Thank you so much to all of you who participated in that workshop. It was great fun!


----------



## Neeterbug (May 25, 2011)

I would love to have your beautiful pattern. How do I find it on Ravelry?


----------



## TLL (Jul 15, 2012)

Neeterbug said:


> I would love to have your beautiful pattern. How do I find it on Ravelry?


I just added the link. Sorry! I am so glad you like it.


----------



## TLL (Jul 15, 2012)

RitaMarie said:


> LOVE them...TFS


Thank you, RitaMarie! I have now added the link so you can find it.  Sorry!


----------



## Katsch (Mar 15, 2011)

Gorgeous and thank you!


----------



## Neeterbug (May 25, 2011)

Thank you for the link...I downloaded the pattern and plan to knit it soon!!!!


----------



## Galaxy Knitter (Apr 12, 2015)

Beautiful!


----------



## desireeross (Jun 2, 2013)

Very pretty


----------



## gr8knitwit2 (Sep 30, 2014)

Lovely scarf - think I've missed the boat!


----------



## 777cam (Oct 28, 2013)

Thanks for the pattern, It is lovely and I can't wait to give it a try.


----------



## willi66 (Aug 30, 2012)

Lovely


----------



## Lubbieisme (Oct 30, 2014)

Thank you, I'm printing it out now


----------



## TLL (Jul 15, 2012)

gr8knitwit2 said:


> Lovely scarf - think I've missed the boat!
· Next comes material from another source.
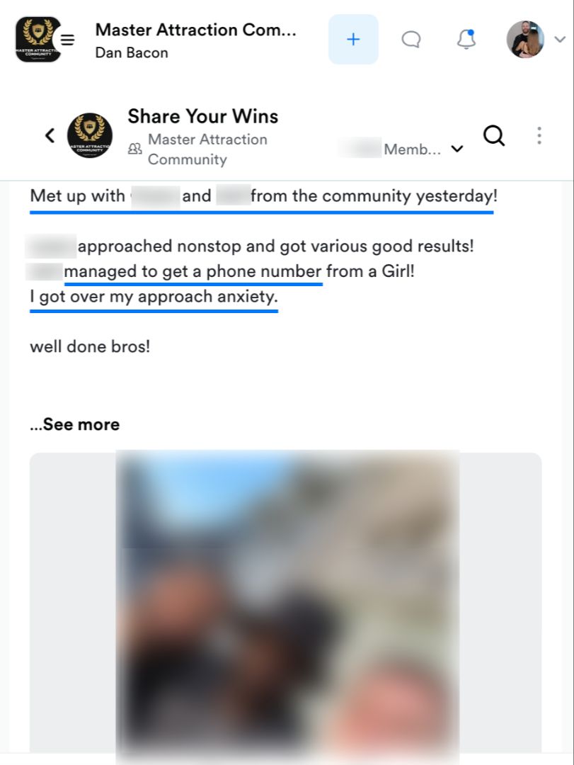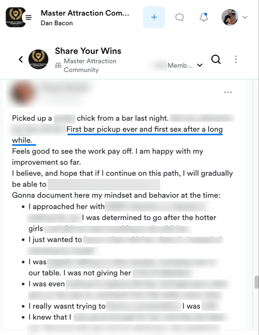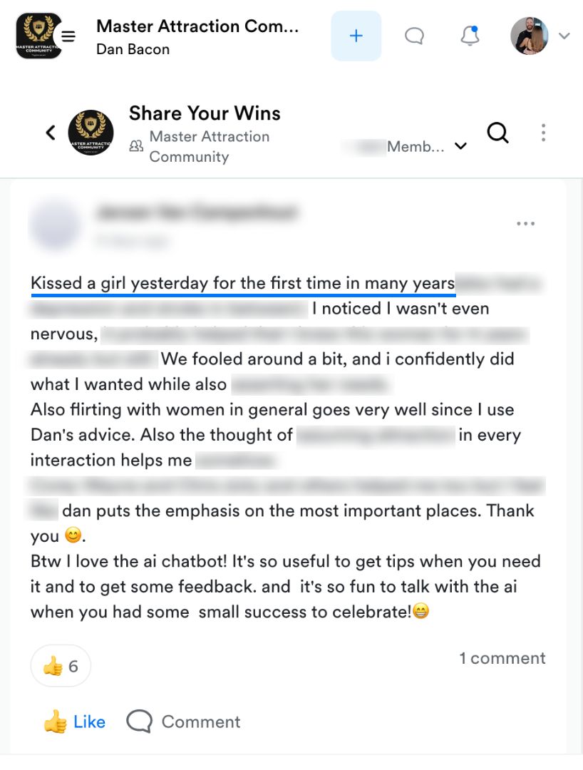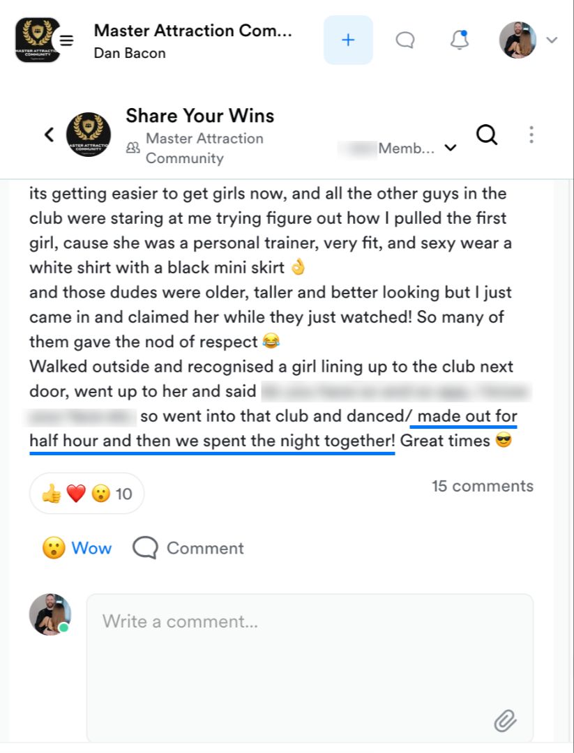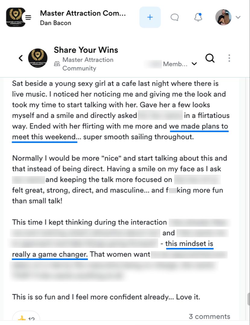 Below are screenshots from our Master Attraction Community and are only SOME of the success stories being posted in there.

No, gr8knitwit2, you still have about 15 hours or so, go get it!!!


----------



## ClaudiaCano (Apr 23, 2013)

It's beautiful, thank you!


----------



## TLL (Jul 15, 2012)

Enjoy, ladies! 

I would love to see photos when you are ready.


----------



## ClaudiaCano (Apr 23, 2013)

gr8knitwit2 said:


> Lovely scarf - think I've missed the boat!
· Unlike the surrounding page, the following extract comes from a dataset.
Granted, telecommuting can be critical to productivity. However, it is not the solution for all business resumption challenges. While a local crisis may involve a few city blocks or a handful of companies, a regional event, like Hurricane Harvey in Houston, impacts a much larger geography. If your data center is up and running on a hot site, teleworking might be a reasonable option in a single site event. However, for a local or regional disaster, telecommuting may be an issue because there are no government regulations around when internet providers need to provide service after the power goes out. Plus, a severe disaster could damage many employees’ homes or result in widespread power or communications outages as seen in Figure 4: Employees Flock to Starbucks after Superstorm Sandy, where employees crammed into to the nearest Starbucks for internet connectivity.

It's still available for free. When you click on buy it now, you write the code and click apply. Then you can download.


----------



## jmcret05 (Oct 24, 2011)

What a nice gesture. It is a good pattern for a beginning lace knitter.


----------



## ewinter42 (Nov 24, 2012)

Thank you!! It's beautiful.


----------



## ilmacheryl (Feb 3, 2013)

THANKS!! Downloaded!


----------



## Isuel (Sep 27, 2011)

You are so dear to make this beautiful pattern available to us for free. &#9786;


----------



## TLL (Jul 15, 2012)

ClaudiaCano said:


> It's still available for free. When you click on buy it now, you write the code and click apply. Then you can download.
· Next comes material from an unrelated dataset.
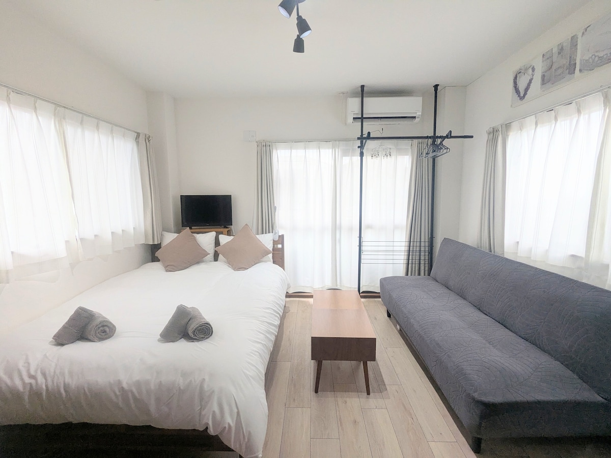 Hay una gran cocina donde puedes cocinar, con utensilios de cocina (sartén, una olla, cuchillo, tabla de cortar), cucharas, platos, jabón para platos, hervidor, etc.La habitación está totalmente equipada con lavadora, detergente en polvo, toallas, cepillos de dientes, peines, secador de pelo, aspiradora, balanzas, etc. para que incluso aquellos que se alojen a medio o largo plazo puedan usarla de inmediato. * Un pequeño calentador, humidificador y manta se instalan por separado de lo anterior.(Solo en invierno) Servicios (gratis) Champú, acondicionador, jabón, jabón corporal, cepillo de dientes, peine, toalla, secador de pelo Instalaciones de cocina (gratuitas) Cocina, estufa de gas, juego de utensilios de cocina, juego de platos, nevera, microondas, hervidor eléctrico, balanza.

 :thumbup: :thumbup: :thumbup:

Enjoy, everyone!


----------



## cathyscard (Apr 14, 2012)

Thank you for the patterns...these are beautiful.


----------



## patocenizo (Jun 24, 2011)

Absolutely beautiful!! Thanks for sharing.


----------



## Patty Sutter (Apr 17, 2012)

Beautiful! Thank You!


----------



## SHCooper (May 8, 2011)

Thank you! It's lovely. I can hardly wait to get time to study the pattern.


----------



## MissMelba (Jun 9, 2012)

Of course I bought it  Lovely pattern Toni.


----------



## colleend2006 (Aug 25, 2012)

Thank you for the pattern very pretty


----------



## TLL (Jul 15, 2012)

MissMelba said:


> Of course I bought it  Lovely pattern Toni.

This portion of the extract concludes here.